_Exercise_
Could you copy exactly the lines below, beginning at the line with "韩国第一夫人逛街!一身洋气打扮与粉丝小孩合影,抱娃姿势太别扭" and stopping after the line with "ישמח משה שליט''א.~🌴~", with no pictures?

_Data for review_
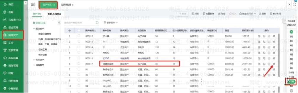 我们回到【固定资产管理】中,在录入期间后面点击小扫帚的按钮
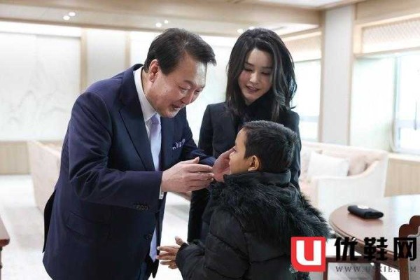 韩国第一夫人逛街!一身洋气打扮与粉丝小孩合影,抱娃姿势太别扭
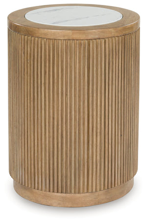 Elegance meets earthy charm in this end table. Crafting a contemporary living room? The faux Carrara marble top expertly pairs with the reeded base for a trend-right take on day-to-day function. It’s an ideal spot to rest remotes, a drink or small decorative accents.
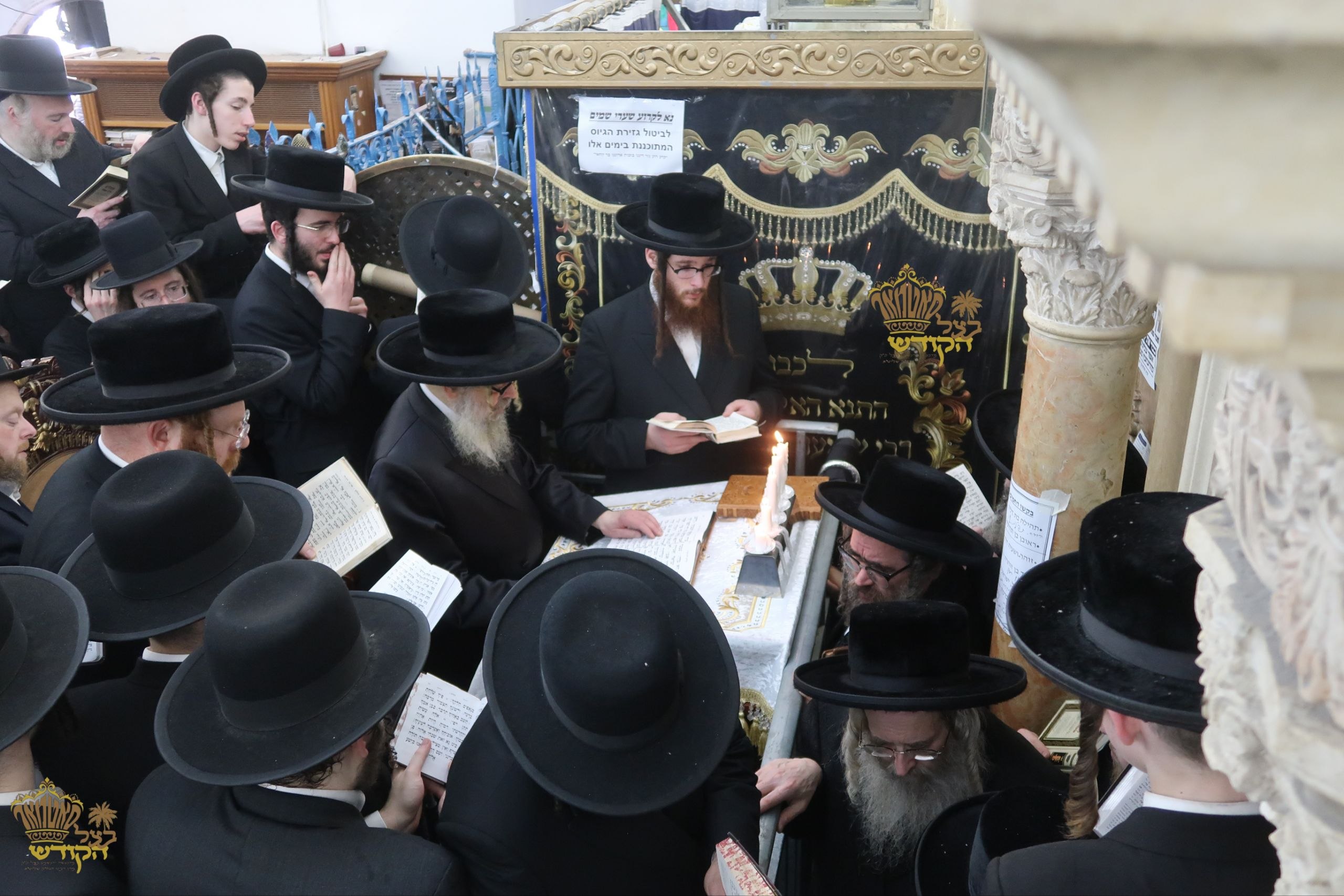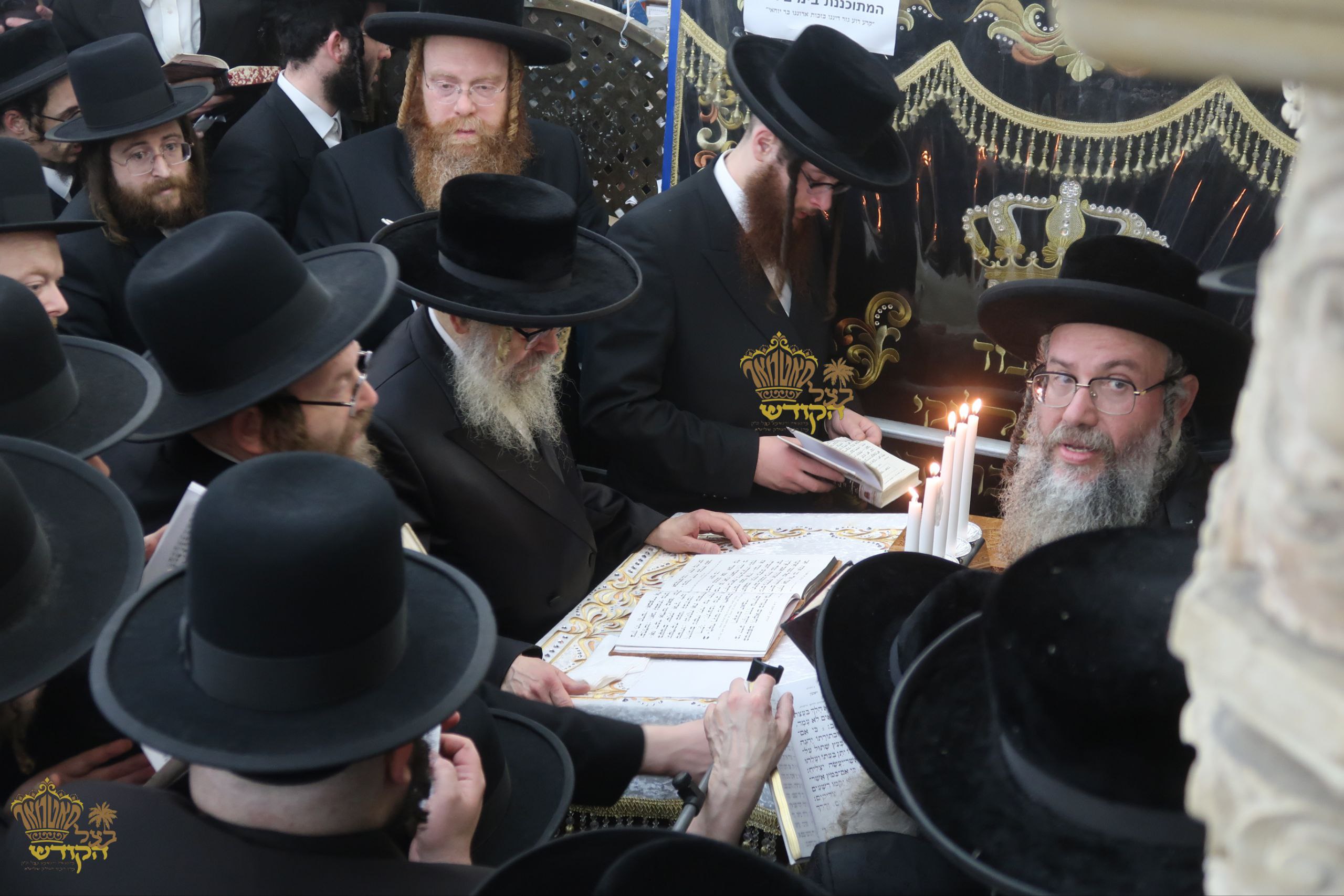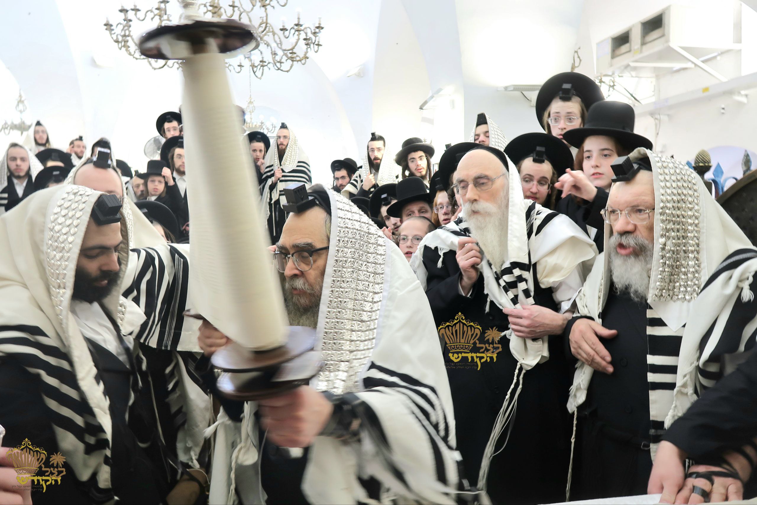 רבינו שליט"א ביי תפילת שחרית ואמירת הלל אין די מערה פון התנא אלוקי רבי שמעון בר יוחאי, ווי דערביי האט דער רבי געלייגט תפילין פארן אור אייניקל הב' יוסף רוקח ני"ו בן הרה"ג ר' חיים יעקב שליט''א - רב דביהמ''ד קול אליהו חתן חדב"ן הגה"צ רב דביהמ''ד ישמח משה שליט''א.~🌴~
==
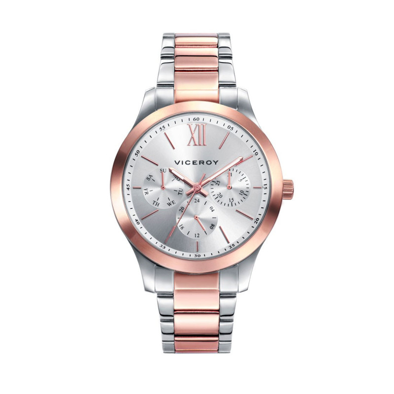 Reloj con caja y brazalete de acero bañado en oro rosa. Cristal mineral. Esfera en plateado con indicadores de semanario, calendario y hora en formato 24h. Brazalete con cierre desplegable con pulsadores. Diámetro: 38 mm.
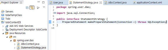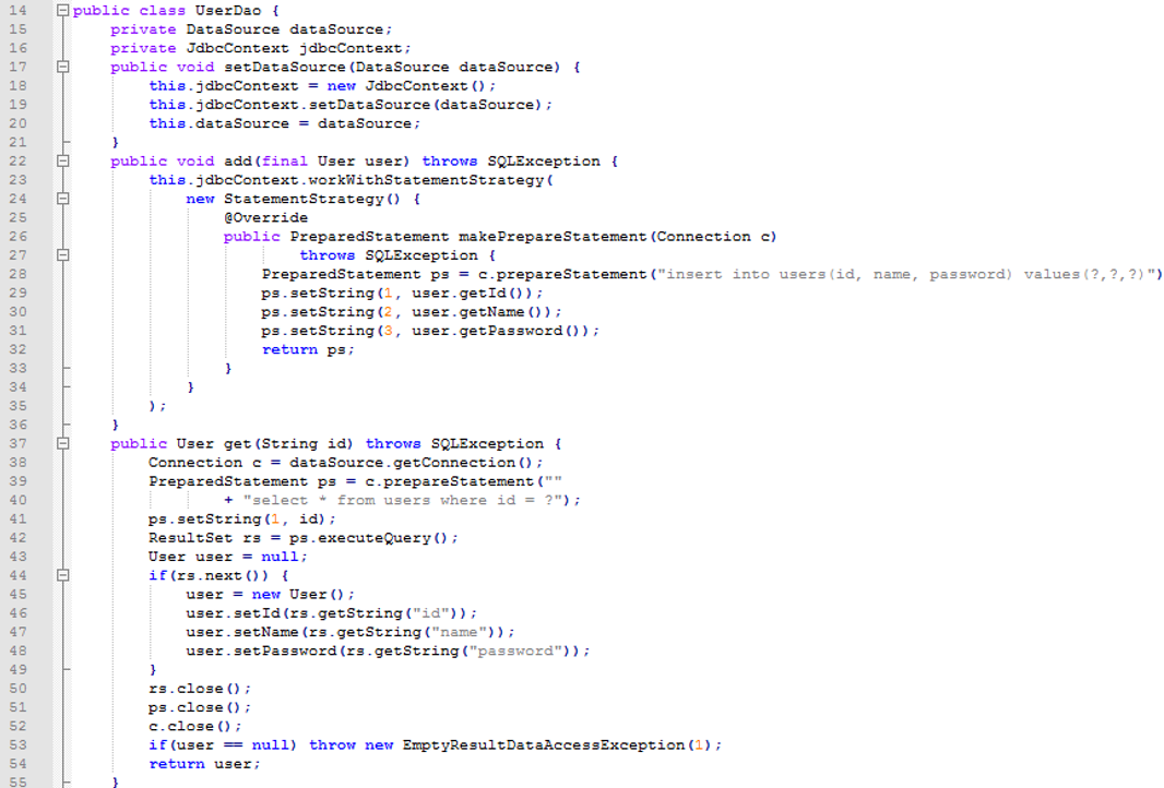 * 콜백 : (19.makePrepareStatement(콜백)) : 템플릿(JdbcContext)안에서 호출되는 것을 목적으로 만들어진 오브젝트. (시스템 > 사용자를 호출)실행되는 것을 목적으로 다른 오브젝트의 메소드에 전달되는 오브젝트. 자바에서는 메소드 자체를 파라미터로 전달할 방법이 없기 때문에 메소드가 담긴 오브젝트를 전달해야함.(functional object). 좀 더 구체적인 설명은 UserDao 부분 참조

_Written solution_
 韩国第一夫人逛街!一身洋气打扮与粉丝小孩合影,抱娃姿势太别扭
 Elegance meets earthy charm in this end table. Crafting a contemporary living room? The faux Carrara marble top expertly pairs with the reeded base for a trend-right take on day-to-day function. It’s an ideal spot to rest remotes, a drink or small decorative accents.
 רבינו שליט"א ביי תפילת שחרית ואמירת הלל אין די מערה פון התנא אלוקי רבי שמעון בר יוחאי, ווי דערביי האט דער רבי געלייגט תפילין פארן אור אייניקל הב' יוסף רוקח ני"ו בן הרה"ג ר' חיים יעקב שליט''א - רב דביהמ''ד קול אליהו חתן חדב"ן הגה"צ רב דביהמ''ד ישמח משה שליט''א.~🌴~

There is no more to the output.